[DATA SUPPLIED — start]
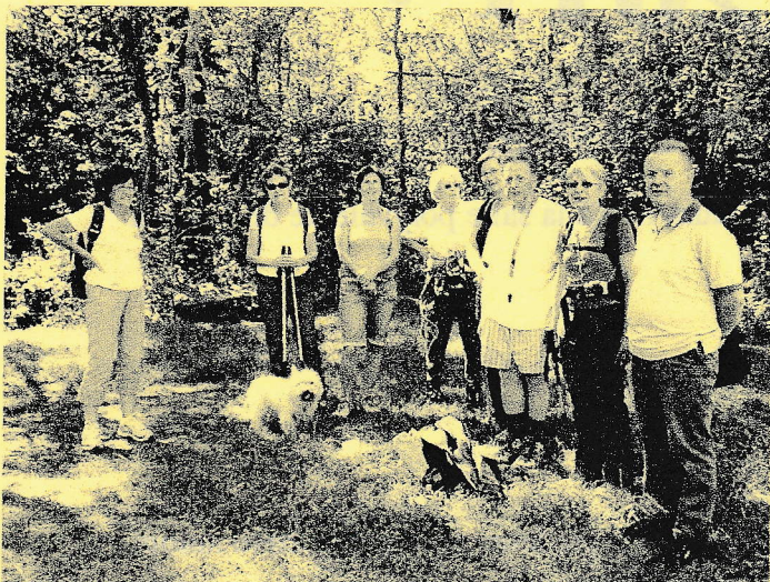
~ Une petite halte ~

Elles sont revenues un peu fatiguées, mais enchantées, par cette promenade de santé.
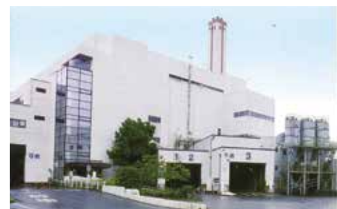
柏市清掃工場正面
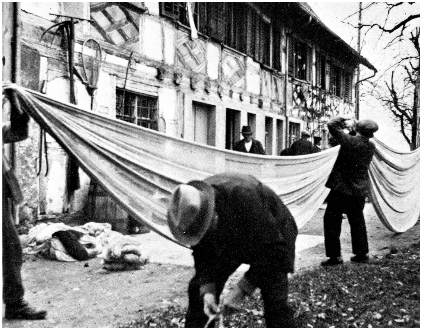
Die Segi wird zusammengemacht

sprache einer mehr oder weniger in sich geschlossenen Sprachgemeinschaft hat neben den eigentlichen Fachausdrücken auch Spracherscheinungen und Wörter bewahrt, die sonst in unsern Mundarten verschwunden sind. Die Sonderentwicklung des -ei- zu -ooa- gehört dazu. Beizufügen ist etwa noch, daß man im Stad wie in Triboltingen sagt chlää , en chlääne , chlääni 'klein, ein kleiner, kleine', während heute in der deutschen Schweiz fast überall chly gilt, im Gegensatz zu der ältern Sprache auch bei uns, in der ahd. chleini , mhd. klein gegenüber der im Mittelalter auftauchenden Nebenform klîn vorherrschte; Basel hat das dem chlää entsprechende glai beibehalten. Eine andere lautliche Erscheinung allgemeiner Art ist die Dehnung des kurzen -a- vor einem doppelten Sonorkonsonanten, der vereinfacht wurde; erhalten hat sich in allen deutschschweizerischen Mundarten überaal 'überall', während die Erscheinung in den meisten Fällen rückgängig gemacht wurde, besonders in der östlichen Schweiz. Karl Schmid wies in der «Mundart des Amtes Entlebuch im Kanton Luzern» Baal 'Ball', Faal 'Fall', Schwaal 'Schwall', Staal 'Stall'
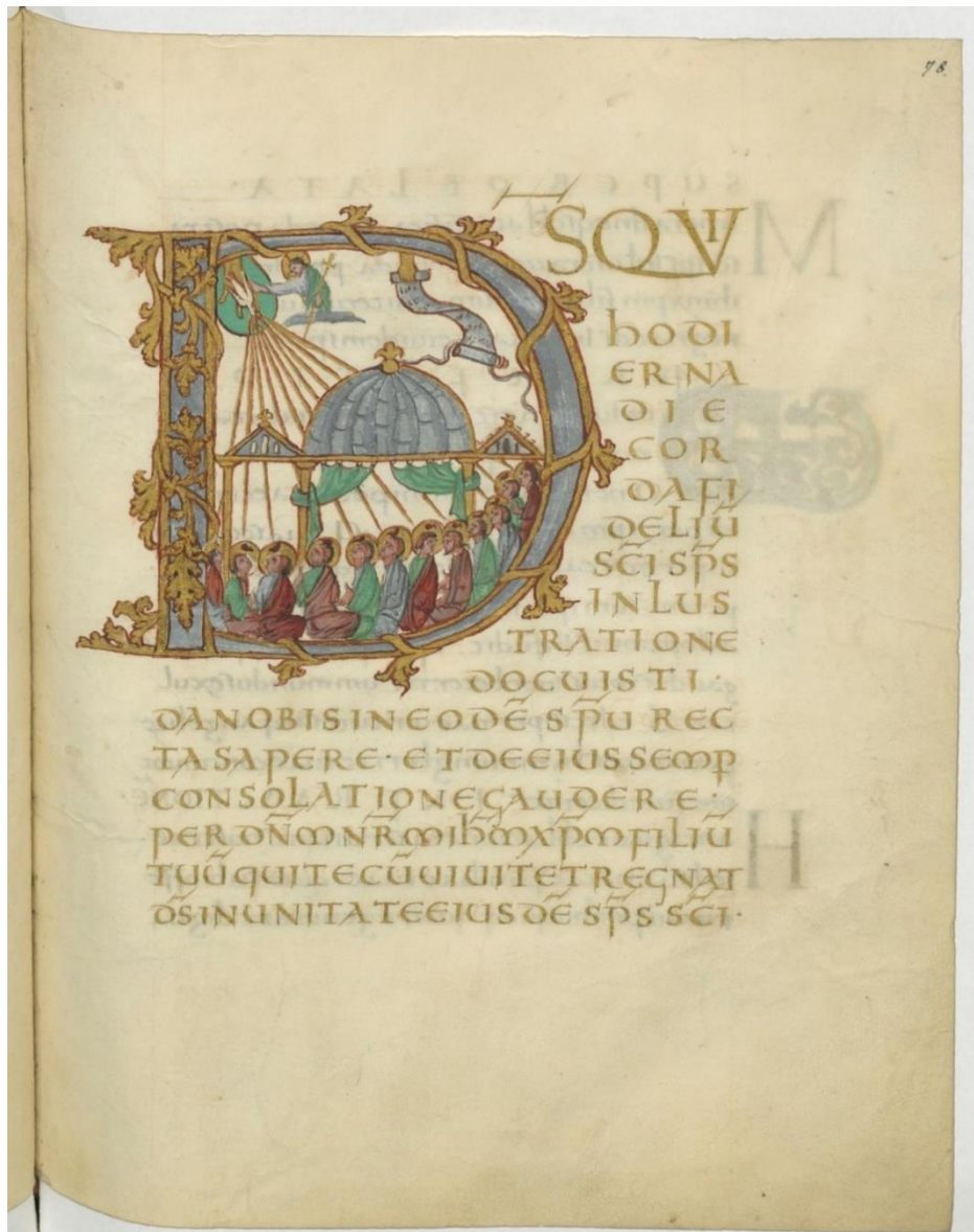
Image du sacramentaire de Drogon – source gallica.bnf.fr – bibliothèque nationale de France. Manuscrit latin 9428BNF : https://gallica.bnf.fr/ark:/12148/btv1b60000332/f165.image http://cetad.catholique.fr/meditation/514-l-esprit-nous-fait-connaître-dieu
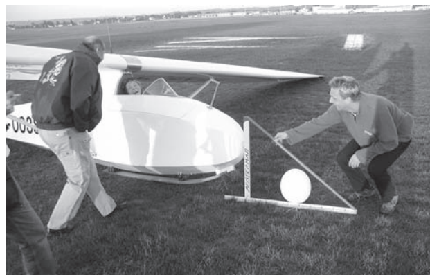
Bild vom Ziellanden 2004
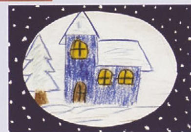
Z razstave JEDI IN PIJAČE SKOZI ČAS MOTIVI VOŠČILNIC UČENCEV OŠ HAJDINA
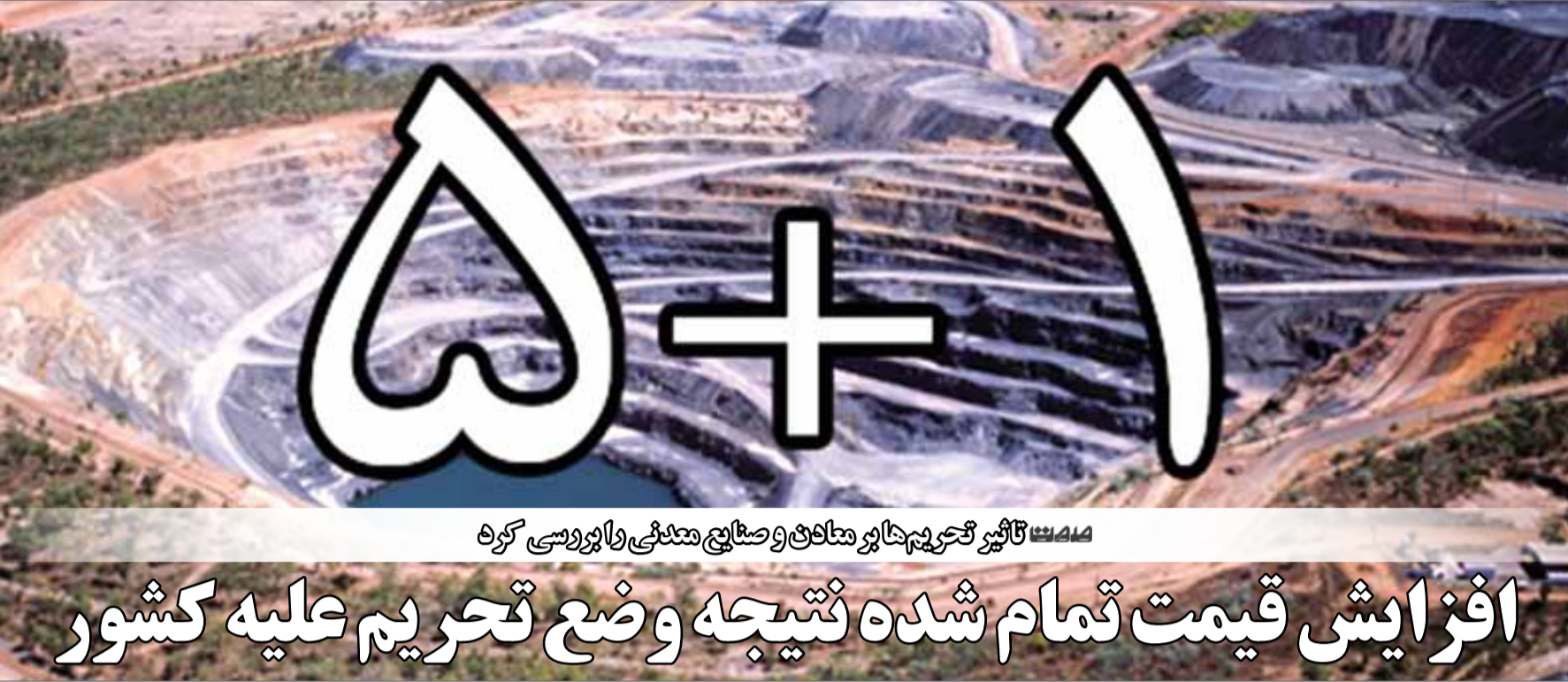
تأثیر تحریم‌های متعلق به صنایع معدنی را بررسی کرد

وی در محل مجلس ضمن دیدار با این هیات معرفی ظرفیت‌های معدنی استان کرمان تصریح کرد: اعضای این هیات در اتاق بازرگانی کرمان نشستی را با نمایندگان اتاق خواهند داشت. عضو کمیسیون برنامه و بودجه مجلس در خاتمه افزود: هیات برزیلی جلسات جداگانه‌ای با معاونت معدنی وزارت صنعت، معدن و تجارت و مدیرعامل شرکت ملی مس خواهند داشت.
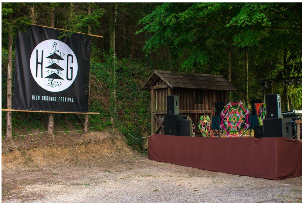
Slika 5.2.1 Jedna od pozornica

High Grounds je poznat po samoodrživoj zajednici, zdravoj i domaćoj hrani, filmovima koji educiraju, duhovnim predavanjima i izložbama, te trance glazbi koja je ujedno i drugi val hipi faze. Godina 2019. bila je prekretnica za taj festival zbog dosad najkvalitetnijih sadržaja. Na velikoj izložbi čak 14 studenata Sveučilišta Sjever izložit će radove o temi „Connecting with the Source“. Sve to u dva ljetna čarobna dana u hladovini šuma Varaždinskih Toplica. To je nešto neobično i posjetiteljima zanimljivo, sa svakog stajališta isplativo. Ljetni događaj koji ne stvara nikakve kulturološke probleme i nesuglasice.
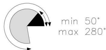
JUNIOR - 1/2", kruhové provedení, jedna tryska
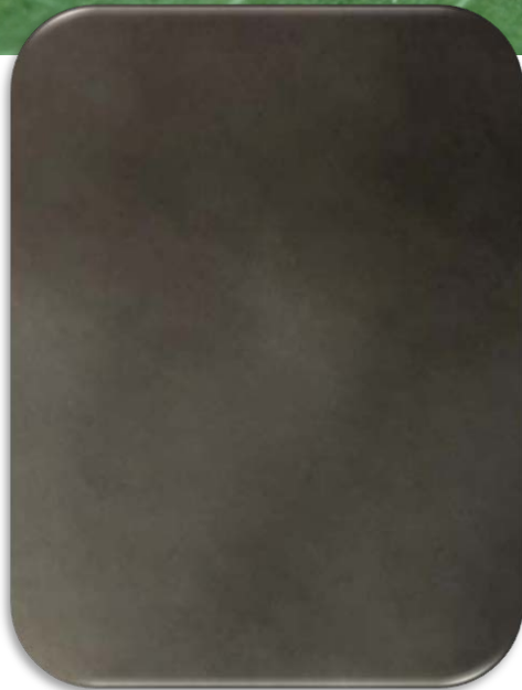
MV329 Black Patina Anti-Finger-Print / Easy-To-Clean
[DATA SUPPLIED — finish]
WHAT THE TASK REQUIRES | Your answer should consist of all lines in the listing above that contain "معدنی".

RESULT FOR THIS TASK |
تأثیر تحریم‌های متعلق به صنایع معدنی را بررسی کرد
وی در محل مجلس ضمن دیدار با این هیات معرفی ظرفیت‌های معدنی استان کرمان تصریح کرد: اعضای این هیات در اتاق بازرگانی کرمان نشستی را با نمایندگان اتاق خواهند داشت. عضو کمیسیون برنامه و بودجه مجلس در خاتمه افزود: هیات برزیلی جلسات جداگانه‌ای با معاونت معدنی وزارت صنعت، معدن و تجارت و مدیرعامل شرکت ملی مس خواهند داشت.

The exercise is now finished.